The goal of this paper is to investigate the influence of the rake angle and a AlTiN tool coating on the cutting forces and the tool wear in cutting of low-lead and lead-free brass. The alloys investigated are CW724R, CW511L, and CW625N. In the next section, the methods used in this paper are described, followed by the results and a discussion of the results, and a conclusion.

2 Materials and Methods

This study investigates and compares the cutting forces in the lead-free brass alloys CW511L and CW724R with the low-lead brass alloy CW625N. All alloys were supplied as extruded rods. LG123L1-0600-BG H13A carbide inserts from Sandvik Coromant were used. In preparation, the inserts were ground by the toolmaker company DanSpecial, and half of the inserts were coated. Four different rake angles 0\({^\circ }\), 8\({^\circ }\), 16\({^\circ }\), and \(24{^\circ }\) and clearance angles of 6\({^\circ }\) to \(8{^\circ }\) were prepared. As a coating, the AlTiN-based FerroCon coating by CemeCon was applied by high-power impulse magnetron sputtering. According to Klocke et al. this coating gave slightly reduced cutting forces compared to uncoated tungsten carbide [6]. Investigations on a tribometer by Nobel et al. showed also lower friction for this coating compared to uncoated tungsten carbide with brass as counter body [9]. To minimize the influence of the tool nose in the cutting tests, in preparation, 5 mm wide grooves were cut in the rods, resulting in 2 mm wide disks. Cutting tests were performed on a Weiler Commodor 230 VCD open lathe under dry cutting conditions to measure cutting forces. A Kistler dynamometer was used to measure the cutting forces, and a LabView application was utilized. A constant cutting speed of 150 m/min was used, the width of cut was 2 mm as the disks. The feed was varied in four levels: 0.05, 0.1, 0.16, and 0.2 m/min. All tests were repeated three times. The chips were collected after each cut.

The geometry of the tool edge was analyzed on an Alicona InfiniteFocus microscope using focus variation prior to the cutting tests. The shape of the tool edge was analyzed using a 10x magnification and the integrated edge measurement software tool. Measurements were taken at three different positions, and the average was calculated. According to the results, all the tools had a form factor K of 1, and the cutting edge segments were symmetric. The edge rounding r varied from 7 to 18 \({\upmu }\)m depending on the tool, and the profile flattening \(\Delta \)r of the tools varied from 4 to 23 \({\upmu }/\)m, for detailed information, see Table 1.

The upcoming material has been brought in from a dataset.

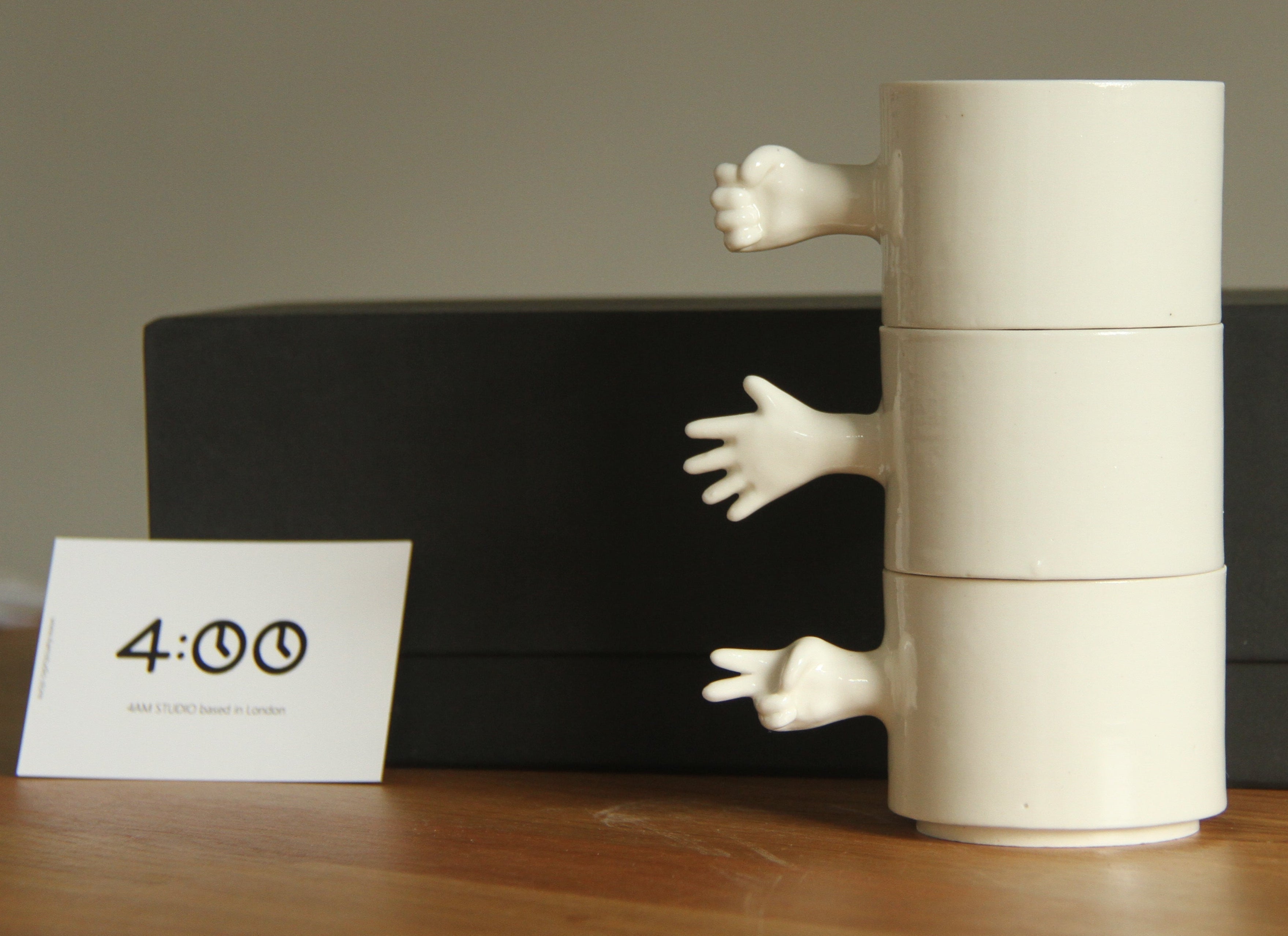 The ‘GESTURE CUPS’ series of porcelain cups by 4AM Product Design captures the fluidity and expressiveness of human gestures. Each cup in the series is crafted using a combination of throwing and slip casting techniques to visually represent different gestures. What makes the collection unique is that three of the gestures are combined to create an interesting rock-paper-scissors set, with each cup symbolizing a classic gesture. This creative approach not only brings a sense of interactivity and playfulness to the work, but also invites the user to interact with the cups in a vibrant and imaginative way. the ‘GESTURE CUPS’ series reflects 4AM Product Design's exploration of the intersection between form, function, and the expressive power of the human hand, making each piece both a functional object and a work of art.
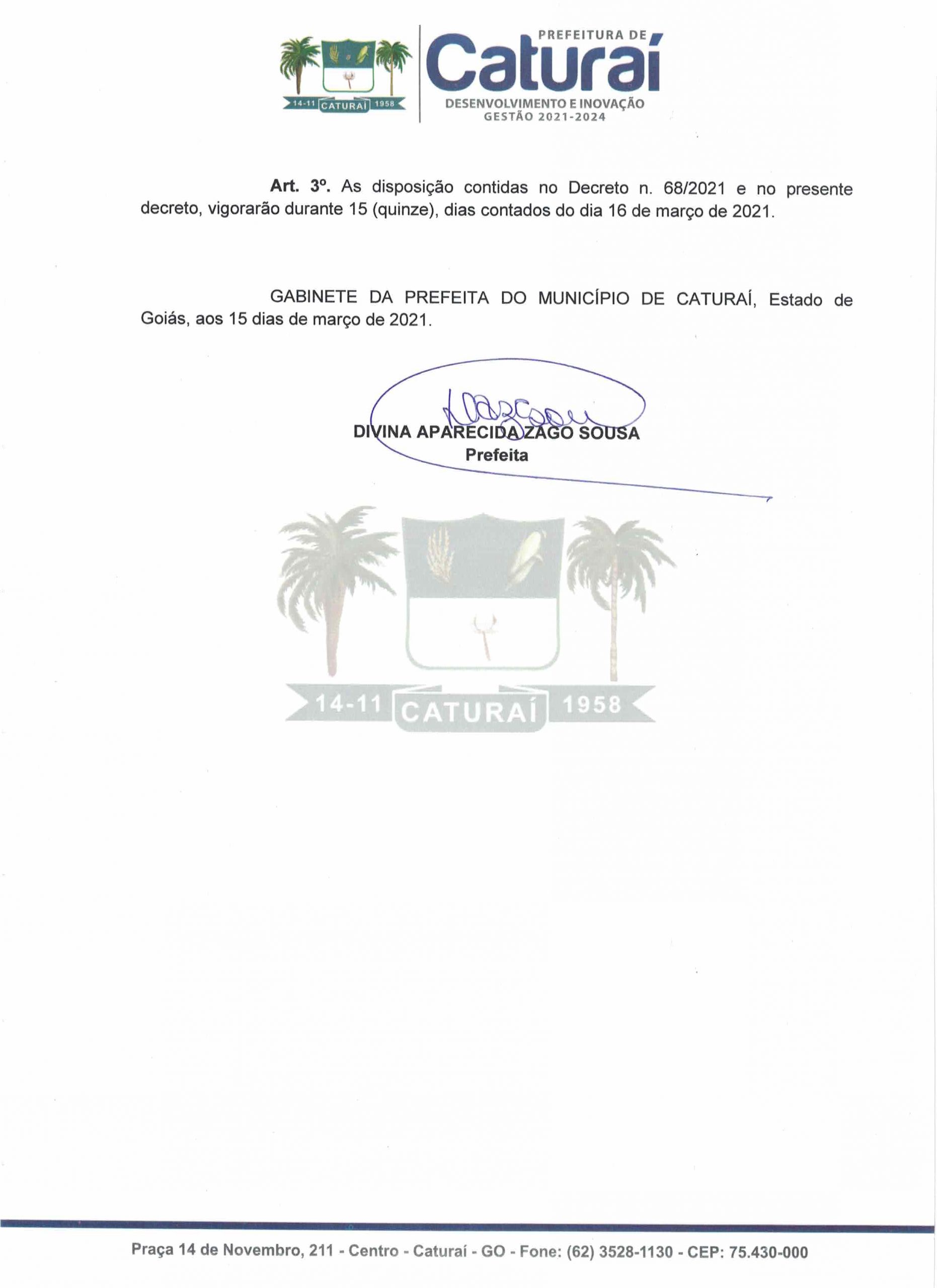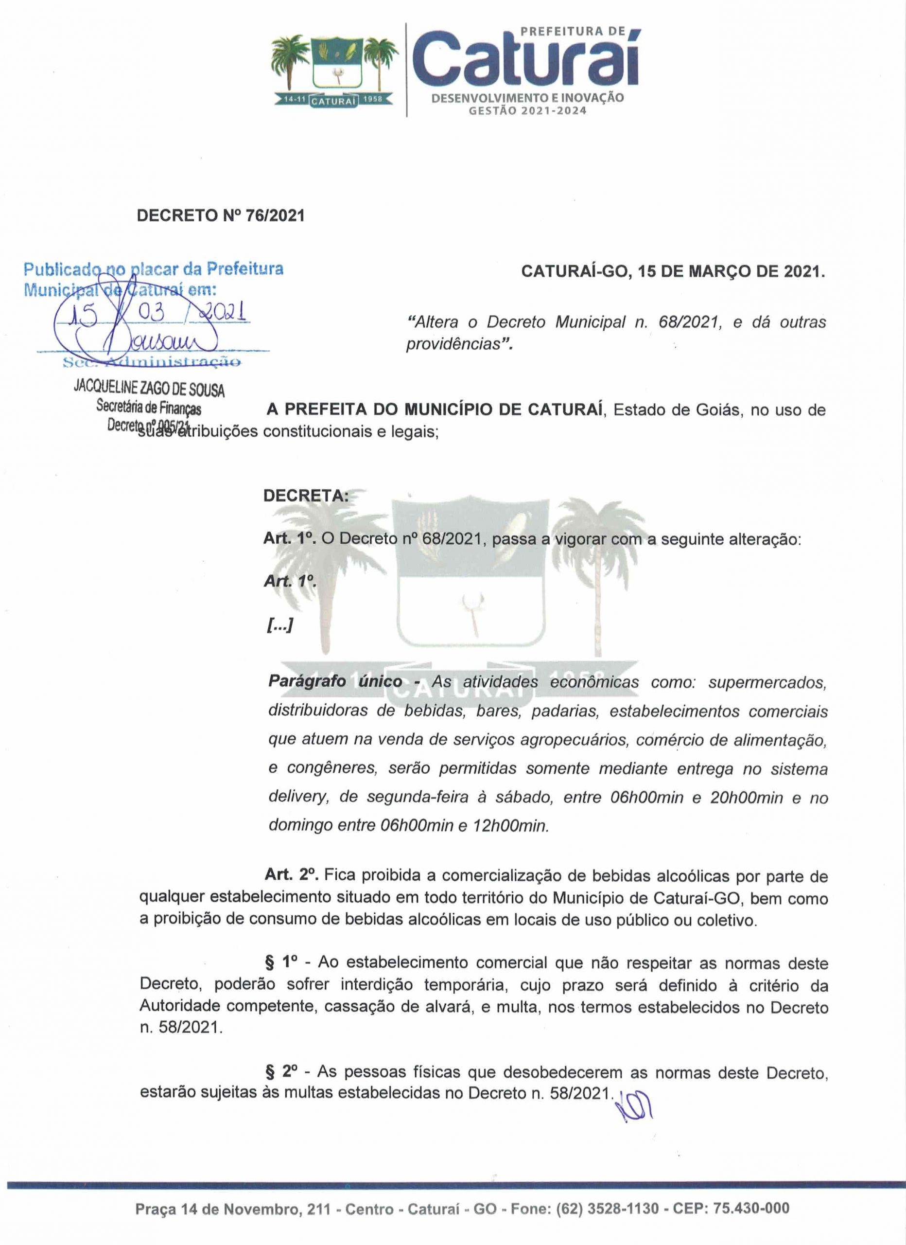 A Prefeitura de Caturaí publicou nesta segunda-feira, 15, o Decreto Municipal nº 076/2021, que altera o Decreto Municipal nº 068/2021 e dá outras providências em relação a disseminação da pandemia ocasionada pela Covid-19. O decreto entra em vigor nesta terça-feira, 16 de março.

Furthermore, the surface roughness of the coated and uncoated \(0^\circ \) rake angle tool was measured on the rake face and the clearance face in both the radial and transverse directions. A Mahr Perthometer M2 was used with a sampling length of 0.25 m/min. The average results of the five repetitive measurements can be found in Table 2.

Table 1. Measurements of the tool geometry.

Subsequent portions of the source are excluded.